Pluto in Libra Generation: Living Happily Ever After
Disclaimer: I need to research this more: re-read Steven Forrest and Jeff Greene's books on Pluto and go through Dr. Tarnas' Cosmo and Psyche. And it would help to get data on divorce rates. But I thought I'd just put down a few of my thoughts about my cohort: The Pluto in Libra generation. These are just my thoughts and speculations.
Do you have Pluto in Libra: Pluto moved into Libra on 6 Oct 1971 and stayed there till 5 Nov 1983. But it retrograded into Virgo from 18 April 1972 till 30 July 1972.
Saturn in Libra: The last two years have been, um, interesting for this generation.
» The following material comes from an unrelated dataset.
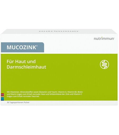 Nahrungsergänzungsmittel sind kein Ersatz für eine ausgewogene und abwechslungsreiche Ernährung und eine gesunde Lebensweise. MUCOZINK® - Für Haut und Darmschleimhaut Nahrungsergänzungsmittel mit Vitaminen, Mineralstoffen sowie Glutamin und Taurin. Vitamin A, Vitamin B2, Biotin und Niacin tragen zum Erhalt normaler Haut und Schleimhäute bei. Zink und Vitamin C tragen zum Erhalt normaler Haut bei. Zink, Vitamin B12, Vitamin D, Folsäure und Magnesium unterstützen die Zellteilung. Vitamin C, Vitamin B2, Vitamin E, Kupfer, Zink und Selen tragen dazu bei, die Zellen vor oxidativem Stress zu schützen. Vitamin C erhöht die Eisenaufnahme. Vitamin D trägt zu einer normalen Aufnahme von Calcium und Phosphor bei. Chrom trägt zum normalen Makronährstoffwechsel bei. Vitamin C, Vitamin B1, Vitamin B2, Vitamin B6, Vitamin B12, Niacin, Biotin, Pantothensäure sowie Kupfer und Magnesium tragen zu einem normalen Energiestoffwechsel bei. Die zusätzlich enthaltenen Aminosäuren L-Glutamin und Taurin sind wichtige Substrate der Darmschleimhautzellen Glutenfrei und laktosefrei Vegetarisch Ohne Farbstoffe Ohne Süßstoffe Mit natürlichem Aroma Langfristige Einnahme möglich. Zutaten: Saccharose, L-Glutamin (10 %), Magnesiumsalze der Zitronensäure, Säuerungsmittel: Zitronensäure, Taurin (2 %), L-Ascorbinsäure (Vitamin C), natürliches Aroma, Maltodextrin, Zinkgluconat, D-alpha-Tocopherylacetat (natürliches Vitamin E), Nicotinamid (Niacin), Calcium-D-pantothenat (Pantothensäure), Rote Beetesaftpulver, Pyridoxinhydrochlorid (Vitamin B6), Riboflavin-5′-phosphat- Natrium (Vitamin B2), Kupfergluconat, Thiaminmononitrat (Vitamin B1), Retinylacetat (Vitamin A), Cholecalciferol (Vitamin D), Pteroylmonoglutaminsäure (Folsäure), Chrom(III)-chlorid, D-Biotin, Natriumselenat (Selen), Cyanocobalamin (Vitamin B12) Nährwerte: Durchschnittliche Nährwerte: pro Tagesportion: NRV* Vitamin A 550 µg RE 69 Vitamin C 300 mg 375 Vitamin E 45 mg a-TE 375 Vitamin B1 5 mg 455 Vitamin B2 5 mg 357 Vitamin B6 10 mg 714 Vitamin B12 9 µg 360 Vitamin D 5 µg 100 Niacin 48 mg NE 300 Pantothensäure 18 mg 300 Folsäure 600 µg 300 Biotin 180 µg 360 Magnesium 250 mg 67 Zink 10 mg 100 Selen 60 µg 109 Kupfer 1 mg 100 Chrom 60 µg 150 L-Glutamin 2 g ** Taurin 0,4 g ** * = Nährstoffbezugswerte gemäß LMIV ** keine Empfehlung der EU vorhanden Verzehrempfehlung: Die Tagesportion Pulver 20 g (je nach Produktauswahl 2 gestrichene Messlöffel oder 1 Portionsbeutel) in ein leeres Glas füllen und unter Rühren in ca. 200 ml stillem Wasser auflösen. Zu oder nach einer Mahlzeit trinken. Alternativ kann die Tagesportion auch auf zwei Mahlzeiten verteilt werden. Kinder von 11-14 Jahren nehmen 1 x täglich 2 gehäufte Teelöffel (13 g). Kinder von 4-10 Jahren nehmen 1 x täglich 1 gehäuften Teelöffel (7 g). Aufbewahrung: Außerhalb der Reichweite kleiner Kinder aufbewahren. Haltbar bei Raumtemperatur.Vor direkter Sonneneinstrahlung und Feuchtigkeit schützen.Nettofüllmenge:Tagesportionsbeutel mit 30 Tagesportionen (entspricht 600... ...

Saturn moved into Libra on 30 Oct 2009 and has been on a slow and excruciating transit through the sign of marriage. With our Pluto there, this is not an easy transit to ignore. I'm sure we all have storied to tell. And now Saturn is almost gone, almost done but not quite. It stationed on the last degree of Libra and is retrograde again. In an interesting synchronicity, I got a phone call just as I started writing this. It was from a friend who's into astrology and whose marriage has become intolerable. I told her that the current retrograde is a time of revision and when it stations and goes direct, decisions will be made. Relationships may end or you may decide to not end them: either ways, this is a time for choices.
Pluto in Libra: How's your experience been? I see only devastation and transformation when it comes to marriages of people my age: divorces and despair. Or separations contemplated but not executed. Or, for a few lucky ones, a second marriage and happiness or a new relationship and happiness or sometimes, just being single after a marriage or just being single. Either ways marriage and intimate relationships are a big issue for this cohort and an area where they face intense trauma. Case in point: I thought of writing this post after reading "Why I'm Not Married" by Melanie Curtin.
It used to be so simple, you know? You got married, had kids, you stayed married. I know there were exceptions, but this was pretty much the model for many, many generations before us. It wasn't important if you were happy in your marriage or if you needs were met or if you had found your other half. You grew up, you got married and if you were happy, God bless you; and if you weren't, then, well, that wasn't the point.
And then were born all the little ones with Pluto in Libra with an intense desire to mate, to know someone, to see and been seen in soul nakedness by the other. These little ones who grew up wanting to matter deeply to someone and wanting to matter deeply in return. Born with Pluto's keen gaze turned on relationship dynamics: on fairness, equality, the truth. Steven Forrest says Pluto's position talks about the place where we are wounded, where we are silent. But he adds this is also the place where, when we heal, we have a great gift for others and for ourselves.
I think the house position of Pluto in your chart is very important. And if Libra is your seventh house cusp or if you have Pluto in the seventh, the stamp of this planet on your intimate relationships is going to be that much stronger. You'll see the drama of this energy play our strongly in your life. You'll also attract Plutonians if you have this chart signature. It won't be easy but you'll need and want that intensity and you'll get it, too.
But this rather brief post is about anyone who has Pluto in Libra. I also noticed an interesting subgroup of people born toward the end of 1982 with Saturn conjunct Pluto to whom this might doubly apply. I'm reminded of Eric Clapton's Layla: Brought me to my knees… This is how I see us, brought to our knees by our intimate relationships, our need for such relationships, our issues around such relationships.
I don't know how it'll end for us and I don't know how we'll end up. But just as Pluto is the place of our wounding, this will also be the place where we will bring healing. Where we'll tell truths others haven't told, where we'll face the darkness that lurks in all intimate relationships and then bring that darkness into the open, into the light: to be seen, to be understood, to be worked with and healed. We'll leave our stamp on the evolution of relationships and how they are understood as we either stand here like Atlas groaning under a heavy weight or march along with a slow but steady pace towards truth, toward healing.